Религия была высшей реальностью для него как для мальчика, так и для человека, приближающегося к скрытой цели. Его семья была квакерами, но в 1861 году он и его жена стали членами Церкви Англии, и именно под влиянием этой веры были написаны его книги. Естественно, его письма и запись его жизни много говорят о религиозных вопросах, но в одном отношении они разочаровывают. Было бы интересно узнать немного точнее природу его взглядов и шаги, которыми он перешел от одной формы веры к другой. Что беспокойство, сопровождавшее перемену, стоило ему дорого и на время подорвало его здоровье, мы знаем, и из его опубликованных сочинений легко предположить основную причину перемены, но более человеческий аспект борьбы, которую он пережил, все еще остается неясным.

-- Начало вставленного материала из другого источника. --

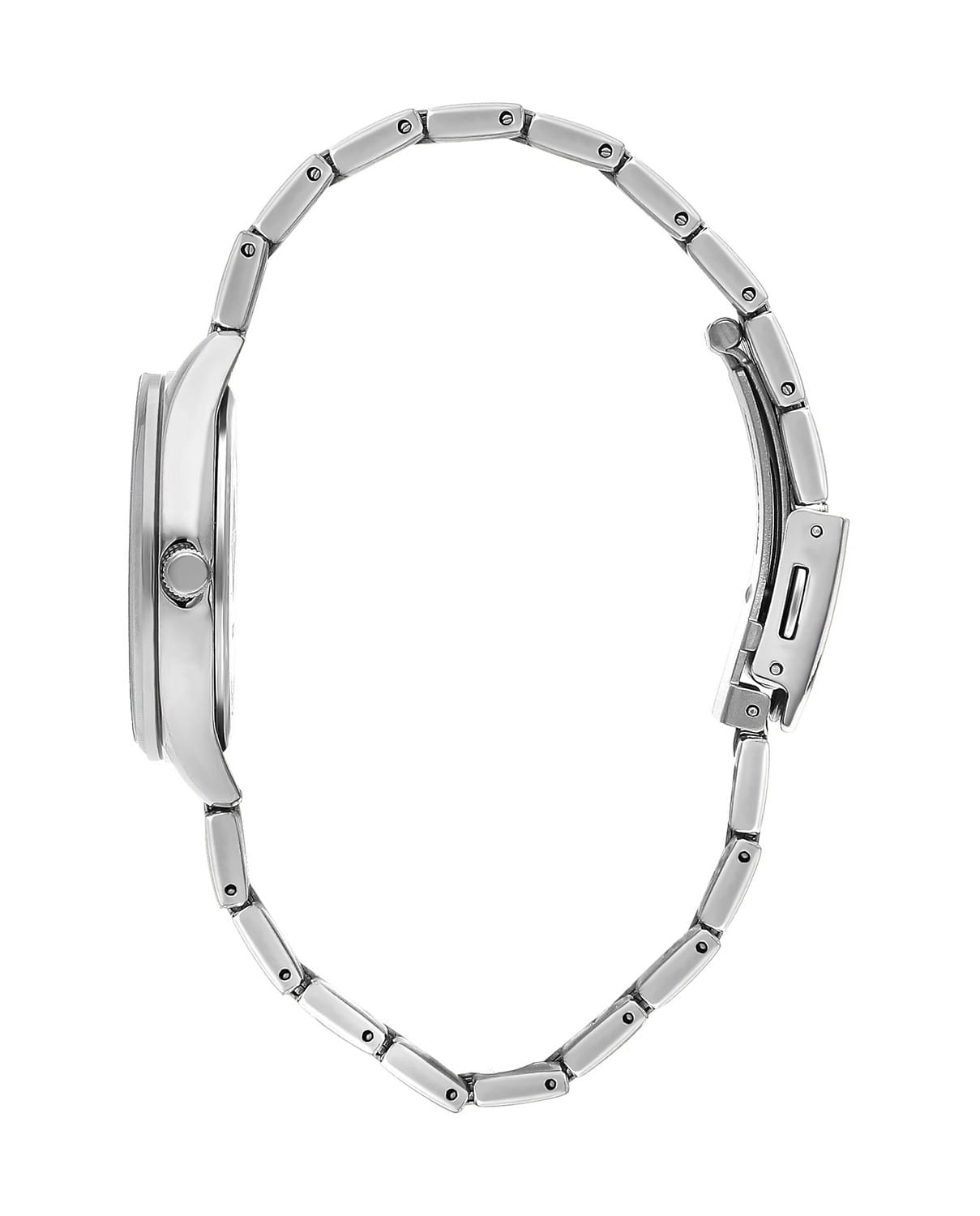 Женские часы Lee Cooper LC07832.390 выполнены в классическом стиле и сочетают строгий дизайн с надёжным механизмом. Модель оснащена кварцевым механизмом, обеспечивающим точность хода и минимальное обслуживание. Корпус круглой формы имеет размер 34 мм, изготовлен из суперметалла, гарантирует комфорт при ношении. Циферблат дополнен изящными вставками из циркона для чёткого отсчёта времени. Защиту циферблата обеспечивает минеральное стеклоМинеральное стеклоМинеральное стекло представляет собой искусственно выращенный минерал кварца. Такое стекло отличается особой устойчивостью к повреждениям и царапинам. Уступает по некоторым качествам сапфировому стеклу., устойчивое к мелким механическим повреждениям. Стрелки с люминесцентным покрытиемЛюминесцентное покрытиеПозволяет считывать показания времени в темноте. Производители наносят на стрелки, часовые индексы, безель или поверхность циферблата светонакопительный состав, дающий холодное свечение.. Стальной браслет на раскладной застёжкеРаскладная застёжкаТакой тип застёжки используется только на браслетах из металла. Она никогда не раскрывается полностью, происходит разделение на 2 и более частей. Раскладывающая застёжка снизит вероятность потери часов к минимуму. гарантирует удобную посадку и надёжную фиксацию на запястье. Водозащита 30WR позволяет использовать часы в повседневных условиях без риска повреждения от случайных брызг воды. Это сочетание классического дизайна, прочности материалов и качества исполнения для уверенных в себе женщин.

Не изложено подробно и его отношение к трехсторонней путанице внутри самой Церкви. Почти кажется, что он жил в каком-то зачарованном уголке лона, в который отголоски этих ужасных слов «Широкая», «Высокая» и «Низкая» проникали лишь как приглушенное бормотание. Чтобы восполнить этот недостаток, я сам читал некоторую литературу об этом споре, и среди прочего серию способных статей о «Ритуалистском движении в Англиканской церкви», которые г-н Поль Тюро-Данжен только что опубликовал в «Revue des Deux Mondes». Впечатление, оставшееся у меня самого, было в высшей степени противоречивым и раздражающим. Человек неустанно трудится, чтобы узнать, о чем весь этот шум, и я полагаю, что никогда в этом мире не было проявлено более закоренелого и порочного проявления провинциализма. Перейти от этих споров к религиозному конфликту, который происходил во Франции в то же время, — значит поразительным образом узнать разницу между словами и идеями; и даже наш собственный любимый трансцендентальный шум в Конкорде по сравнению с Оксфордскими дебатами огромен и космополитичен по значимости. Вторжение одной идеи в эту безумную логомахию было бы явлением более ужасающим, чем появление обнаженного тела в лондонской гостиной, и не лишено забавной стороны то, что один из соратников Ньюмена, как говорят, боялся «преобладания интеллекта среди элементов характера и как руководства к жизни» у этого озадаченного апологета. Идеи не заметны нигде в английской литературе, меньше всего в ее религиозных книгах, и часто хочется распространить циничную шутку Бэджета как прикрытие для недостатков и здесь: глупость англичан — это спасение их литературы, так же как и их политики. Ибо справедливо будет добавить, что эта церковная битва, если и ничтожная в абстрактной мысли, была богата человеческим характером и определенным упрямым восприятием значимости традиционных форм; в основе своей это был спор о положении Церкви в сложной иерархии общества, и чистая религия была наименее важным фактором при рассмотрении.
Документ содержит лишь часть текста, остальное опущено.